Artificial intelligence is fashionable. It is mentioned in the board meetings of marketing companies, logistics, the financial industry, health and many others. This technology brings a level of autonomy to digital systems. But, on several occasions, the digital services collided and even came into conflict with the application of the law.
What happens when technologies, such as deep learning software and self-enforcement code, lead legal decisions? How can one ensure that next-generation legal technology systems are not unfairly biased against certain groups or individuals? And what skills will lawyers need to develop in order to properly assess the quality of justice that flows from data-driven decisions?
While entrepreneurs have been observing traditional legal processes for some years, this first phase of legal innovation pales in importance. The transformative potential of artificial intelligence technologies already has many writing algorithms related to legal processes.

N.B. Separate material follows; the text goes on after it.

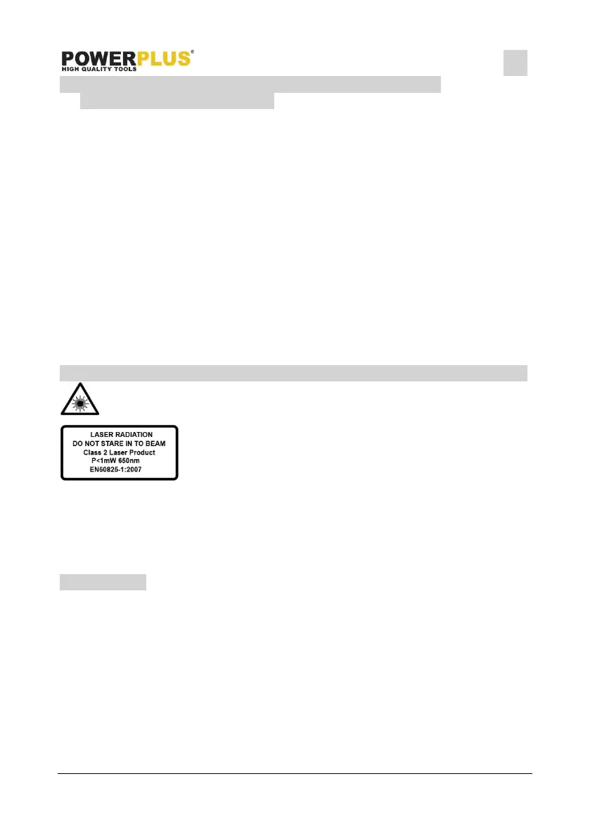 ▪ Laserul este în conformitate cu clasa 2, conform EN 60825-1:2007. Echipamentul nu

How can legal protections be safeguarded if decisions are automated through algorithmic models trained in discrete data sets, or from policies administered when integrated into a blockchain?
This is the kind of question that the lawyer and philosopher Mireille Hildebrandt, professor at the law, science, technology and society research group at Vrije Universiteit Brussels in Belgium, will formulate and respond to during a five-year project to investigate the implications of what she calls ‘computational law’.
Last month, the European Research Council awarded Hildebrandt a 2.5 million euro grant to carry out fundamental research with a dual technology approach: artificial legal intelligence and legal blockchain applications.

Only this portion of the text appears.